6) Ignore the weekend. Weekends are for workers, not for students. Bars hike up prices, old people bare flesh and violent townies emerge, tooled up to the eyeballs. Far better to plan nights when there will be student promotions. 10 drinks for the price of 1, pvc toga parties etc… They’re usually more imaginative events, AND you’ll save lots of money.

7) Banks are disgusting, treat them with the contempt they deserve. Shop around before you open your student account. An interest-free overdraft facility is key; anything under £900 (to start with) is an absolute waste of time. Keep hassling them for increases, in most cases they’ll back down. There is no shame involved here; the chances are you’ll be with your bank for a very long time. When you’re rich and famous they’ll enjoy all the lovely cash you give them.
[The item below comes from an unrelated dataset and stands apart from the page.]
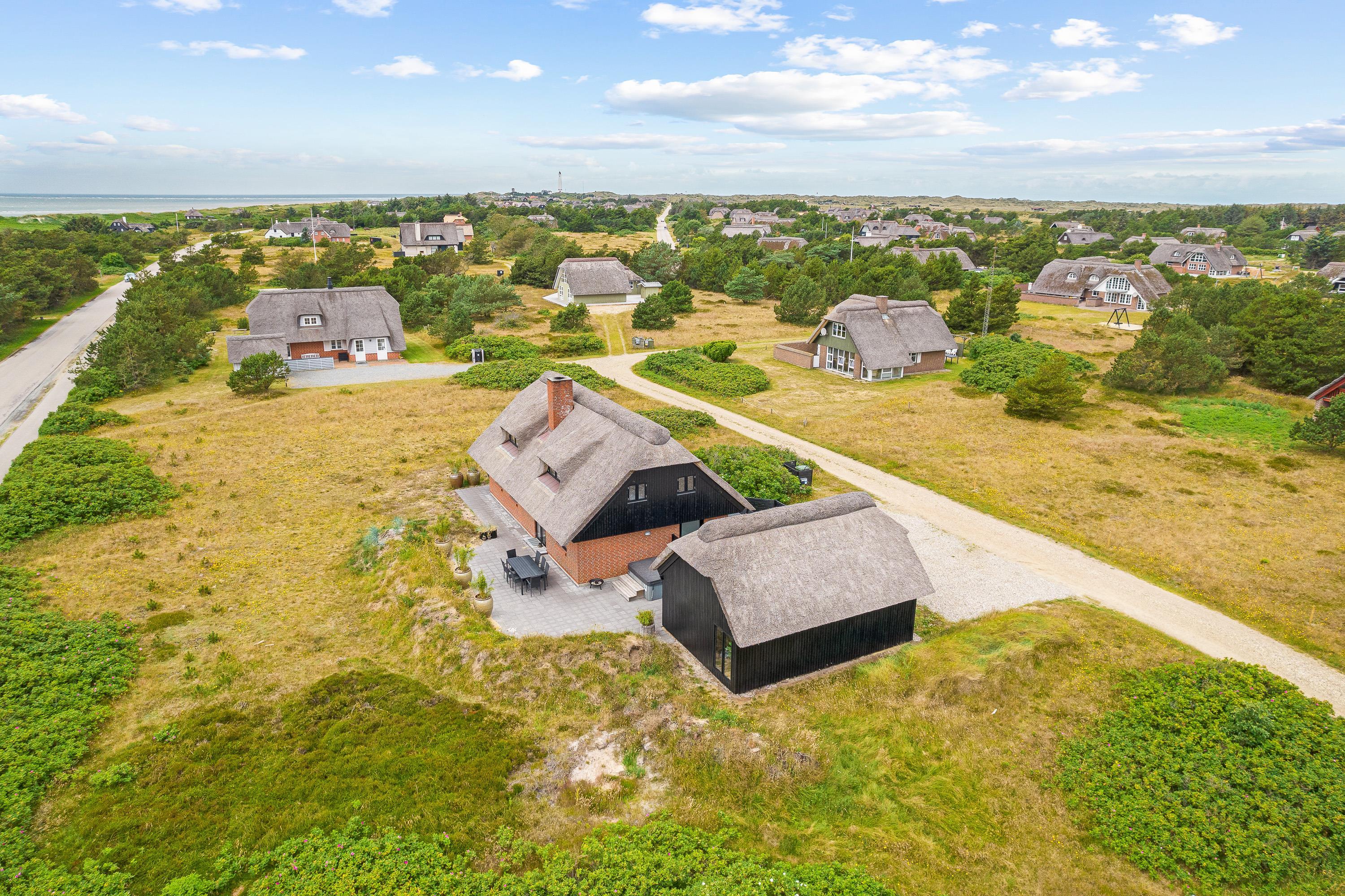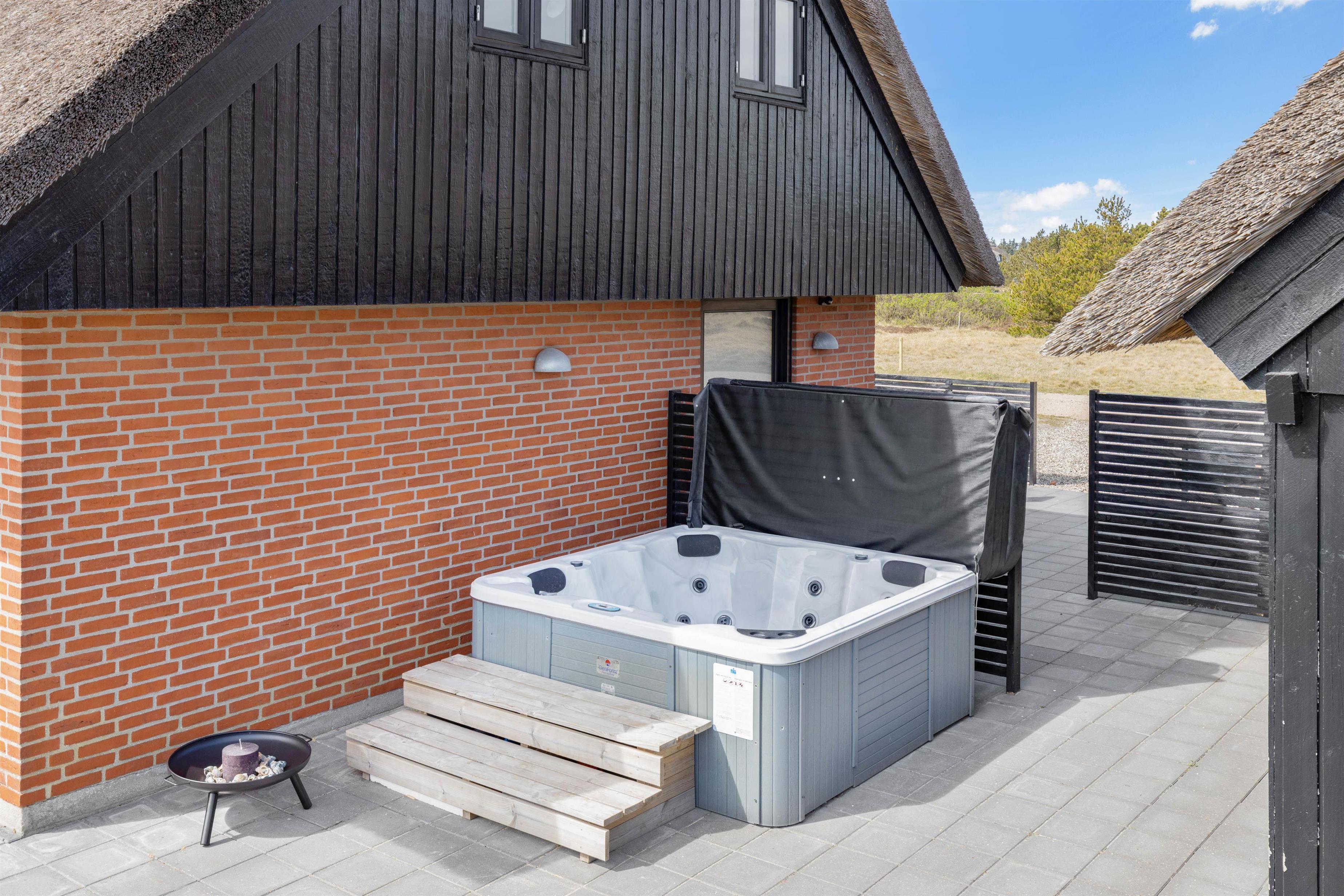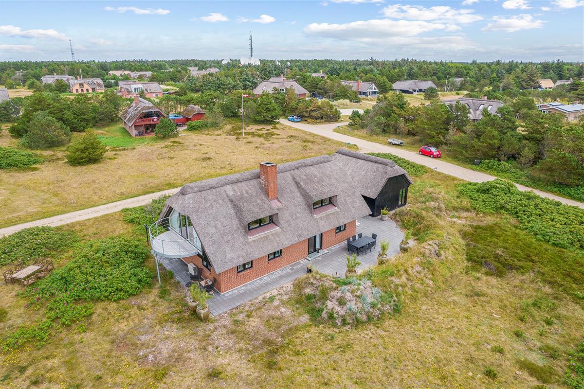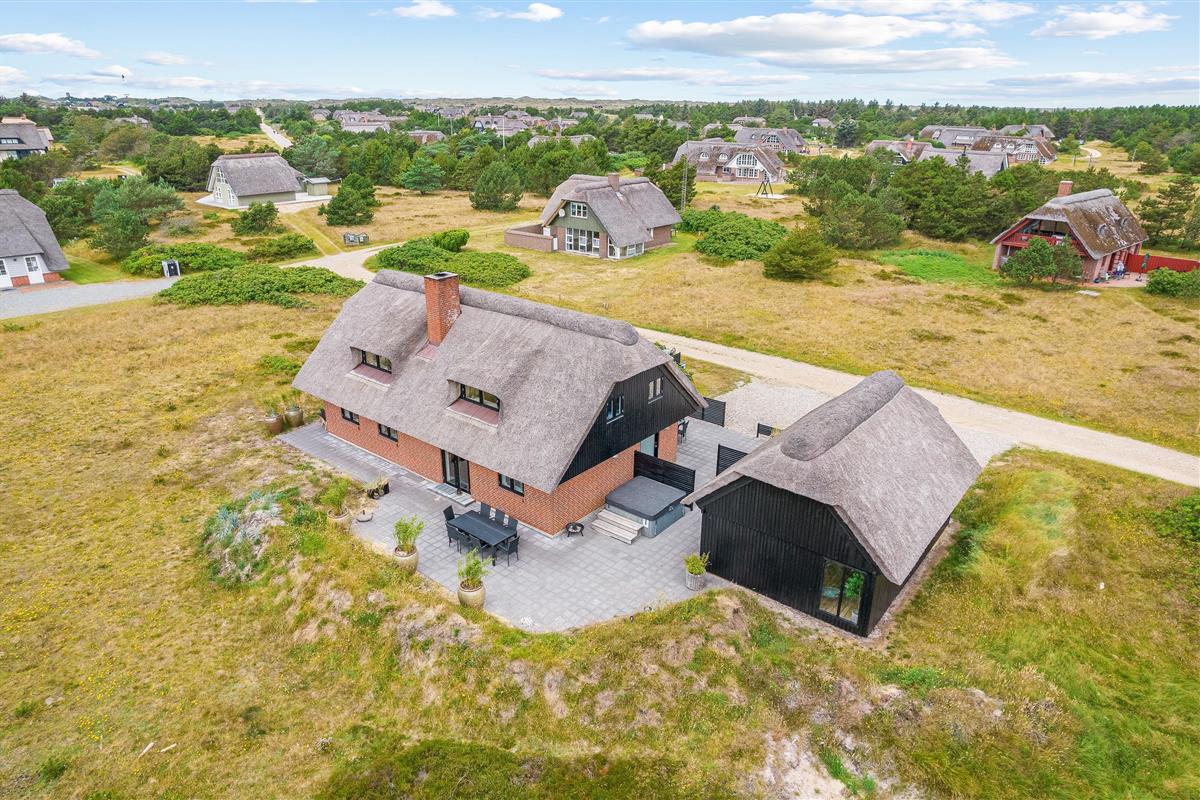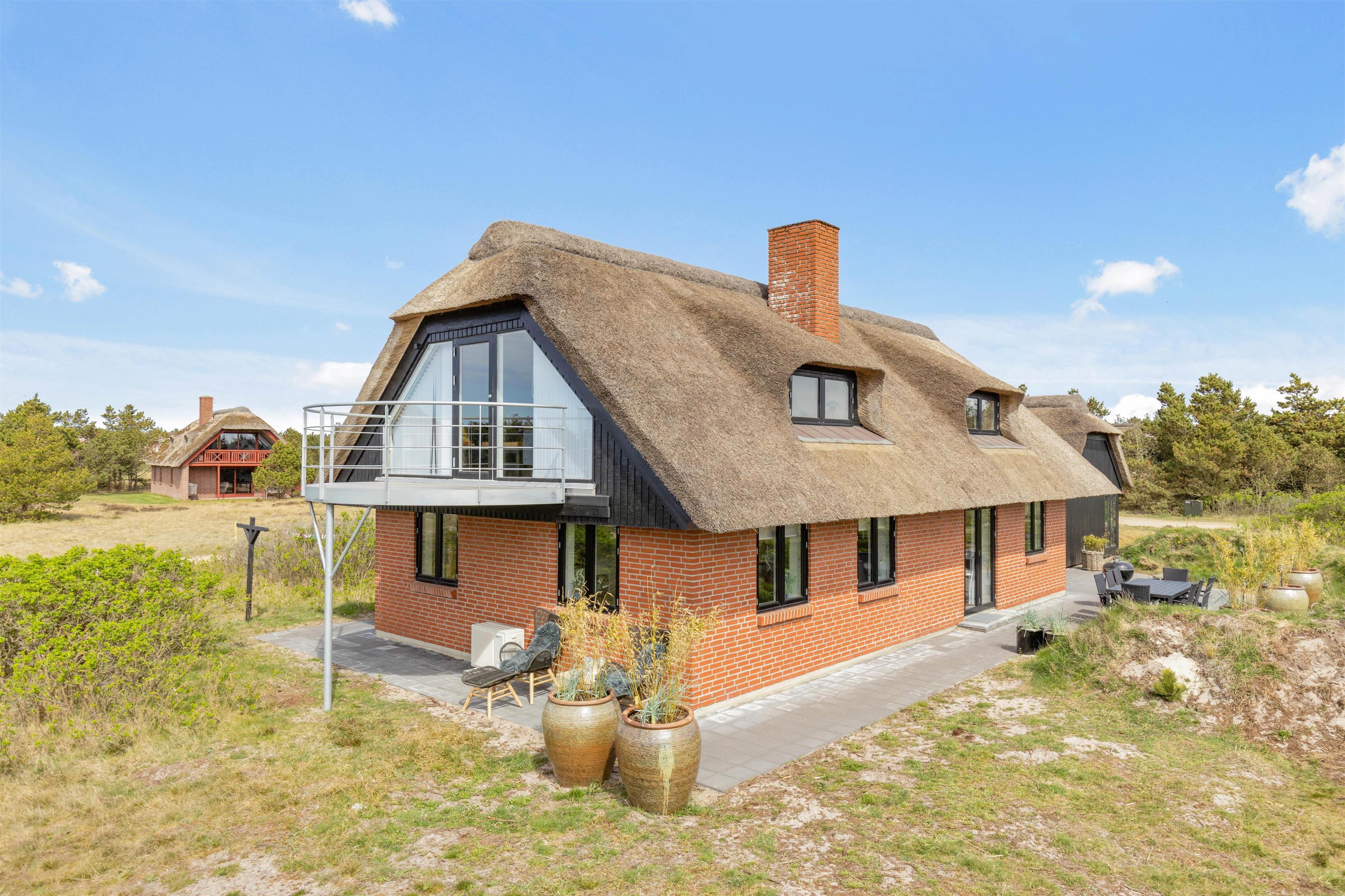 Just 300 metres from Blåvand's white sandy beach, this lovely thatched roof house, renovated and modernised in 2020, awaits you. The comfortable décor exudes classic holiday home charm - featuring a wood-burning stove, sauna, sheltered terrace and balcony with surrounding views. The holiday home accommodates up to 8 people and welcomes dogs. From 2021, you can enjoy a new outdoor hot tub and a fantastic covered terrace.

Plunder those warty charlatans for everything they’ve got – money improves student hood no end!

8) Only eat pasta. It’s cheap, it tastes good, is an excellent energy source, soaks up alcohol and requires very little washing up. Gourmet meals are for cooking degrees and dirty pan leavers are despised by all.

9) Sort yourself out with a sex toolkit. Shut up mum? Yes, alright, point taken. Going on the pill can be a great option, but obviously you’ll potentially end up riddled with carnally transmitted badnesses if you don’t combine them with the trusty old shrivel wrap. Know where your nearest local morning-after pill supplier is.

10) Write, write, write. Don’t read. Transcribe. Most people have to physically etch something onto paper before it has a chance in hell of featuring in the memory. So…

– Fill your books with highlighter ink, pointy arrows, bubble writing

– Create countless mnemonics. They’re ridiculous and irritating but they really are the electric tin opener of learning. Crass and irrelevant, these babies are so quick and effective; it feels like you’re cheating. Rude ones work the best, particularly if you can throw in people you know into the equation. For example for the planets and their distance from the sun, you could have: “My Vagina Easily Makes Jim Smith Uncomfortable. No Problem.” Ok that’s underwhelming, you can do better, but if you knew Jim Smith, the chances are you would never forgot that mnemonic.

– Most lecturers are boring. Ascertain which ones send you to sleep and come to lectures prepared. Make notes of the topics they plan to cover and then switch off. Thumb through the course book and transcribe your notes rather than try and stay awake while they witter on like a lithium addled sloth bear.

Well I hope that’s whet your appetite for three English or four Scottish years of misdemeanour. The most important thing to remember is… Oh dear I can’t remember… where’s my drink.